Internet is also a source of information and noise. There are lots of good readings but there are also spam. Spam is not really useful for you, isn’t it? Recalling our thermodynamic analogy, since the first law of thermodynamics says that the “quantity of energy” is constant and the second law says something like “the quality of energy, in general, decreases“, we have to be aware of information/energy processing. You find that there are signals and noise out there. This is also important, for instance, in High Energy Physics or particle Physics. You have to distinguish in a collision process what events are a “signal” from a generally big “background”.
We will learn more about information(or entropy) and noise in my next log entries. Hopefully, my blog and microblog will become signals and not noise in the whole web.
Where could you get more information? 😀 You have some good ideas and suggestions in the following references:
1) I found many years ago the analogy between Thermodynamics-Information in this cool book (easy to read for even for non-experts)
Applied Chaos Theory: A paradigm for complexity. Ali Bulent Cambel (Author)Publisher: Academic Press; 1st edition (November 19, 1992)
Unfortunately, in those times, as an undergraduate student, my teachers were not very interested in this subject. What a pity!

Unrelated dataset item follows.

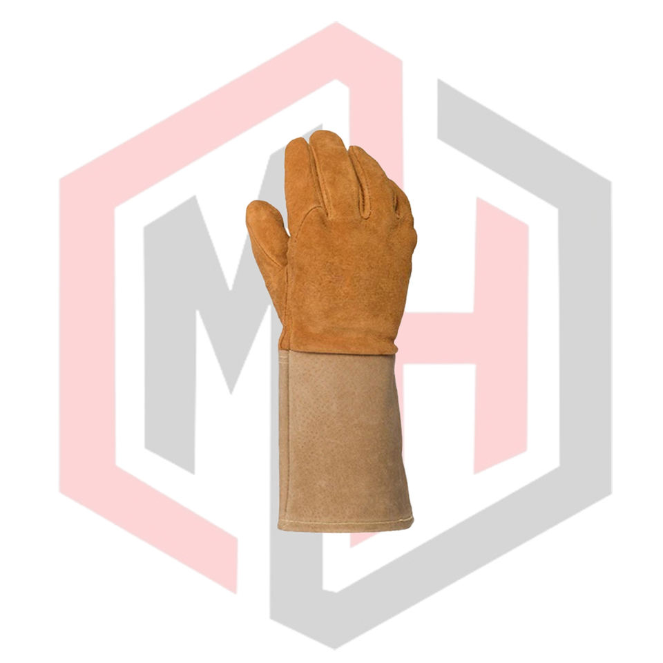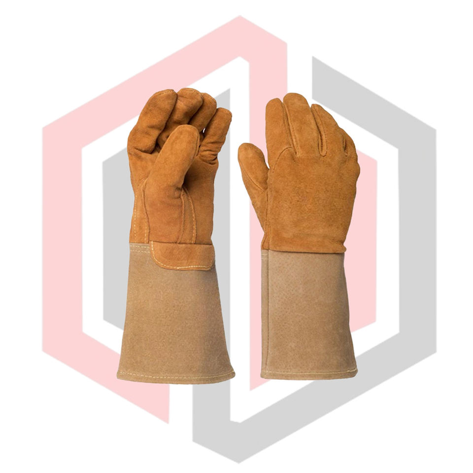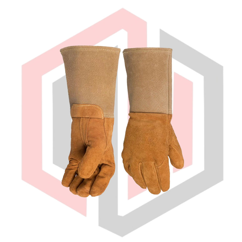 ถุงมือเชื่อม TIG สีส้ม หนังหมู กันลื่น ไม่มีส่วนผสมของซิลิโคน โพลีเอสเตอร์เคลือบไนไตรล์เรียบ ป้องกันการบาด ป้องกันไฟฟ้าสถิต ทนความร้อน

2) There are some good books on Thermodynamics, I love (and fortunately own) these jewels:
Concepts in Thermal Physics, by Stephen Blundell, OUP. 2009.
A really self-contained book on Thermodynamics, Statistical Physics and topics not included in standard books. I really like it very much. It includes some issues related to the global warming and interesting Mathematics. I enjoy how it introduces polylogarithms in order to handle closed formulae for the Quantum Statistics.

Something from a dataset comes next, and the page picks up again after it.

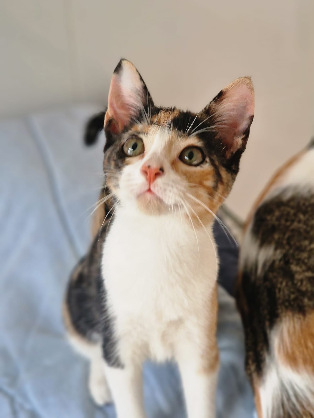 Heidi es una preciosa tricolor con unos ojos increiblemente bellos y conmovedores. Le encanata sentarse en el hombro de su padre de acogida como un loro y adora absolutamente el rascador de carton para gatos, es su juguete favorito.

Thermodynamcis and Statistical Mechanics. (Dover Books on Physics & Chemistry). Peter T. Landsberg
A really old-fashioned and weird book. But it has some insights to make you think about the foundations of Thermodynamics.
Thermodynamcis, Dover Pub. Enrico Fermi
This really tiny book is delicious. I learned a lot of fun stuff from it. Basic, concise and completely original, as Fermi himself. Are you afraid of him? Me too! E. Fermi was a really exceptional physicist and lecturer. Don’t loose the opportunity to read his lectures on Thermodynamcis.
Mere Thermodynamics. Don S. Lemons. Johns Hopkins University Press.
Other great little book if you really need a crash course on Thermodynamics.
Introduction to Modern Statistical Physics: A Set of Lectures. Zaitsev, R.O. URSS publishings.
I have read and learned some extra stuff from URSS ed. books like this one. Russian books on Science are generally great and uncommon. And I enjoy some very great poorly known books written by generally unknow russian scientists. Of course, you have ever known about Landau and Lipshitz books but there are many other russian authors who deserve your attention.
3) Information Theory books. Classical information theory books for your curious minds are
An Introduction to Information Theory: Symbols, Signals and Noise. Dover Pub. 2nd Revised ed. 1980. John. R. Pierce.
A really nice and basic book about classical Information Theory.
An introduction to Information Theory. Dover Books on Mathematics. F.M.Reza. Basic book for beginners.
The Mathematical Theory of Communication. Claude E. Shannon and W.Weaver.Univ. of Illinois Press.
A classical book by one of the fathers of information and communication theory.
Mathematical Foundations of Information Theory. Dover Books on Mathematics. A.Y.Khinchin.
A “must read” if you are interested in the mathematical foundations of IT.